**Exercise objective**
Shown below is a listing with pictures; reproduce exactly, and only, the lines between the ones containing "Nachbargebäude und Flughafenrampe oben" and "barva světle šedá", inclusive, leaving the pictures out.

**Data for this exercise**
*-*-*
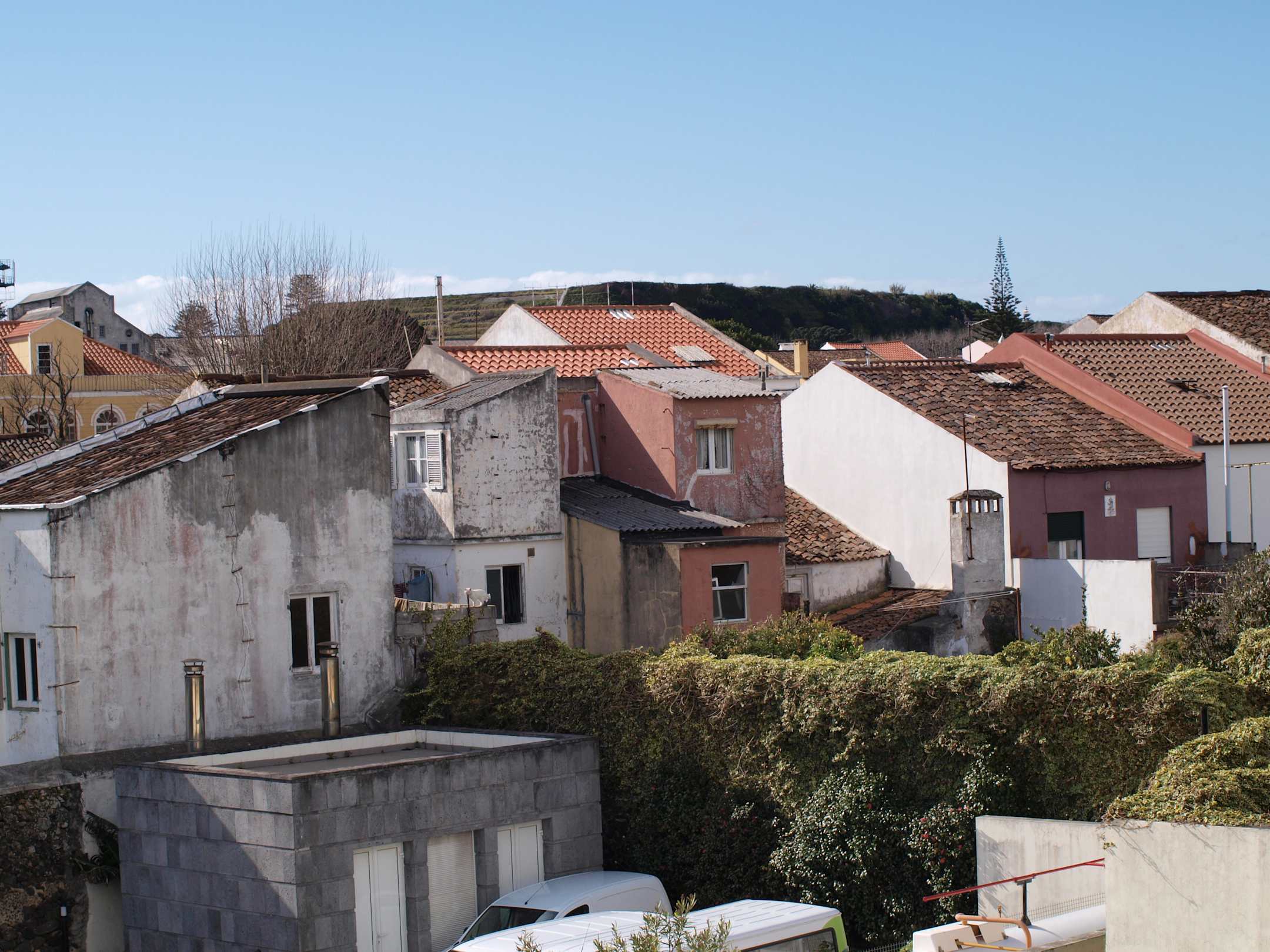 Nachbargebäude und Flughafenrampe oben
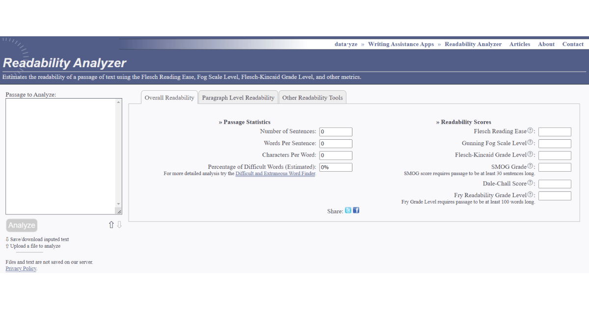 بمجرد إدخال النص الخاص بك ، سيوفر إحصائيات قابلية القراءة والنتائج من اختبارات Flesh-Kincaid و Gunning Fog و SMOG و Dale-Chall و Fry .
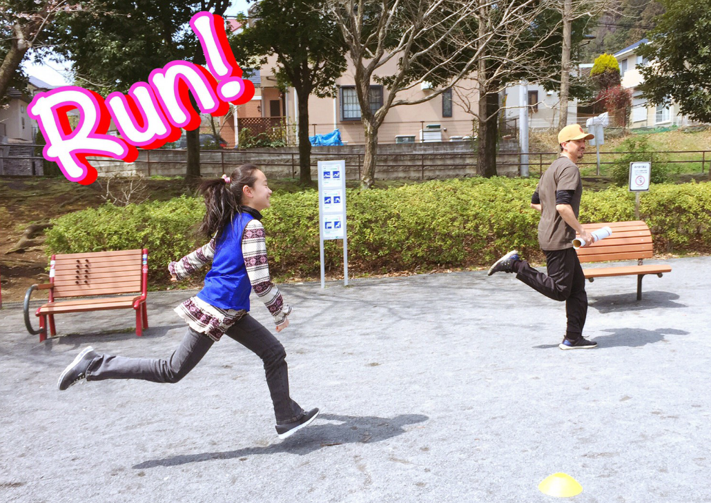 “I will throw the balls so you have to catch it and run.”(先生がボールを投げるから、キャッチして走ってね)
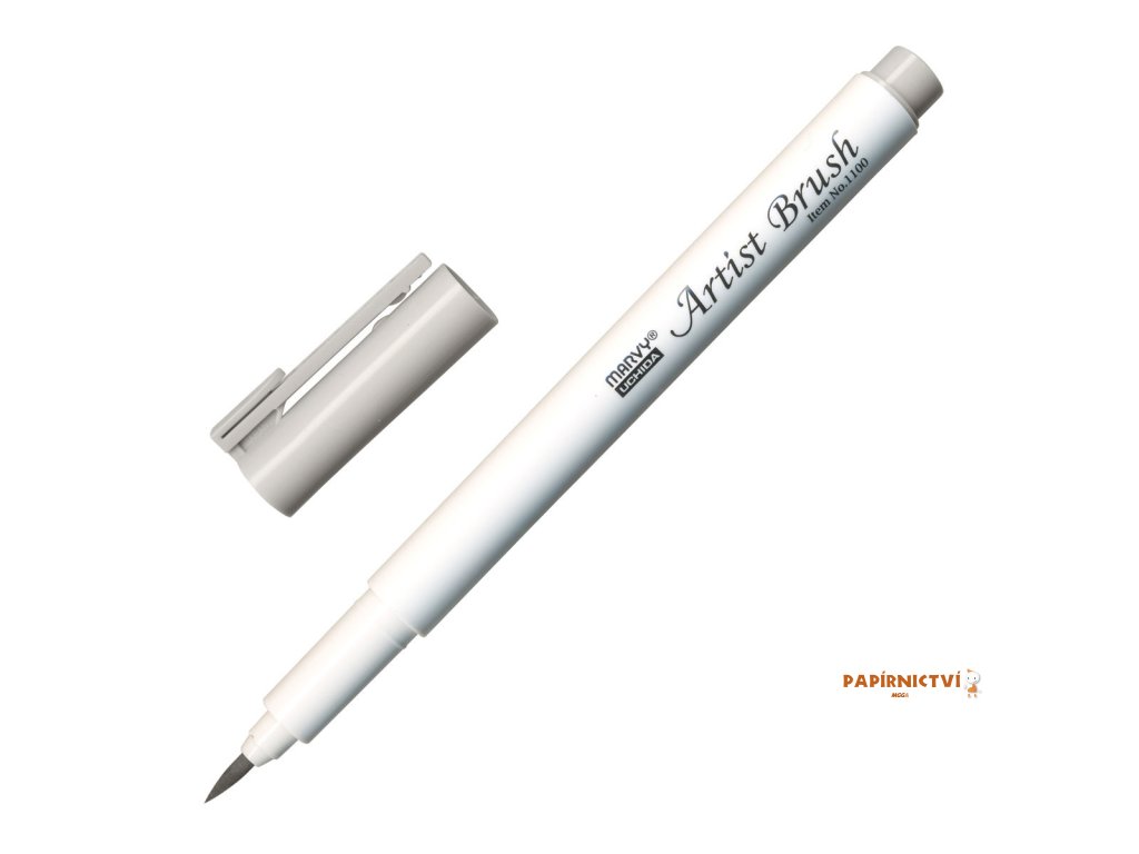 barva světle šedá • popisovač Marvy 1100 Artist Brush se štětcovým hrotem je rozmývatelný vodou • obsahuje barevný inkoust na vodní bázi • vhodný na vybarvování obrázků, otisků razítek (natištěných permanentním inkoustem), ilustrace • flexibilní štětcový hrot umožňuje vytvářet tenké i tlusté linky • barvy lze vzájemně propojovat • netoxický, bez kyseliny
*-*-*
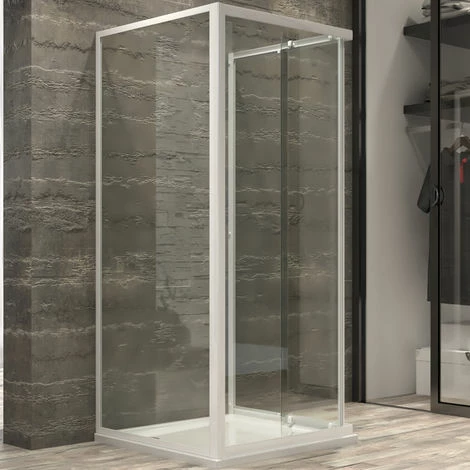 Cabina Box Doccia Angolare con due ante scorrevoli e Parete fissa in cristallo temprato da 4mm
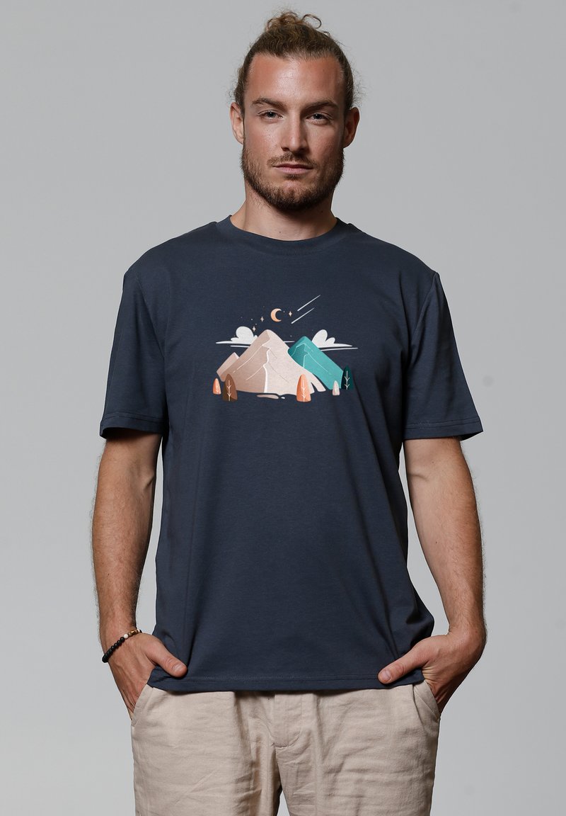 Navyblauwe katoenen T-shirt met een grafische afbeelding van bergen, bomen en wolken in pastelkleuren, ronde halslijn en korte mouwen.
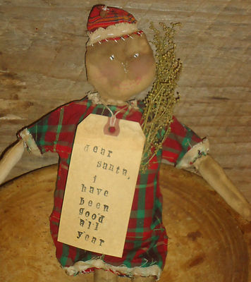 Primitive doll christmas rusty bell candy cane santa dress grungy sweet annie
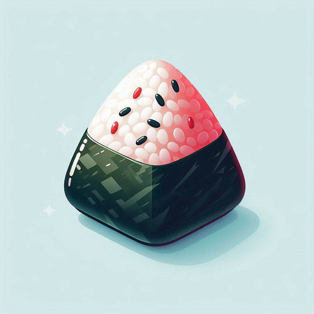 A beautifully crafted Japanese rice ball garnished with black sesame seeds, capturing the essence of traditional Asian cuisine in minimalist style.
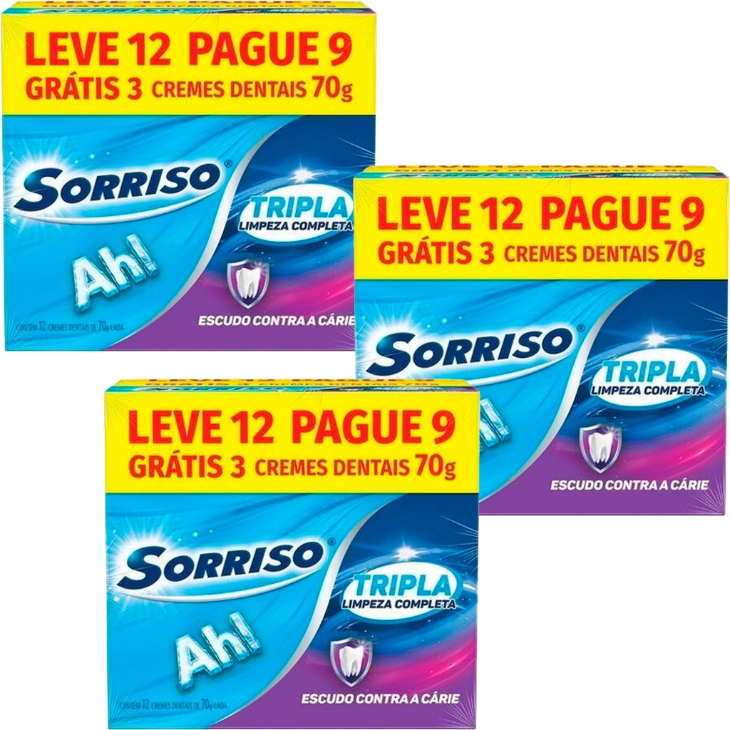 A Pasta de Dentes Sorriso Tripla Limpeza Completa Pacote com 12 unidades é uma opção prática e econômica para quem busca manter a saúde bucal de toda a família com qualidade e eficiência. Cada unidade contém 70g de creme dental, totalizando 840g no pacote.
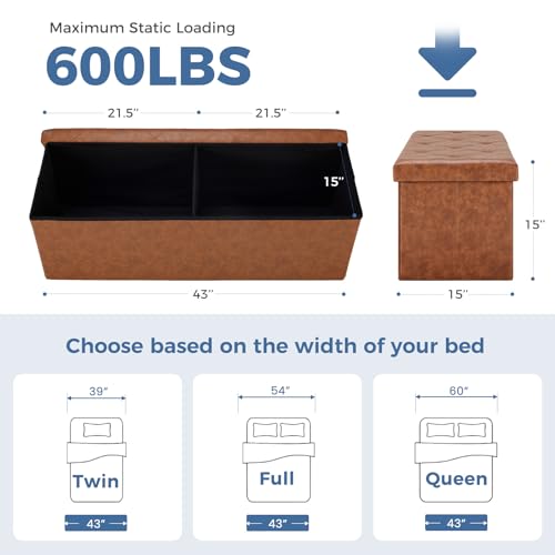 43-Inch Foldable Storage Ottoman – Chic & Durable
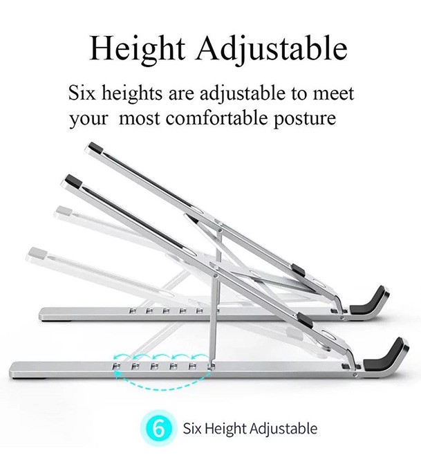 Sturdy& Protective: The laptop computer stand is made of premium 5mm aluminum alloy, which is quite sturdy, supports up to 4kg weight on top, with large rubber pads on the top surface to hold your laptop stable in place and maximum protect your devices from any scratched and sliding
*-*-*
**Task answer**
 Nachbargebäude und Flughafenrampe oben
 بمجرد إدخال النص الخاص بك ، سيوفر إحصائيات قابلية القراءة والنتائج من اختبارات Flesh-Kincaid و Gunning Fog و SMOG و Dale-Chall و Fry .
 “I will throw the balls so you have to catch it and run.”(先生がボールを投げるから、キャッチして走ってね)
 barva světle šedá • popisovač Marvy 1100 Artist Brush se štětcovým hrotem je rozmývatelný vodou • obsahuje barevný inkoust na vodní bázi • vhodný na vybarvování obrázků, otisků razítek (natištěných permanentním inkoustem), ilustrace • flexibilní štětcový hrot umožňuje vytvářet tenké i tlusté linky • barvy lze vzájemně propojovat • netoxický, bez kyseliny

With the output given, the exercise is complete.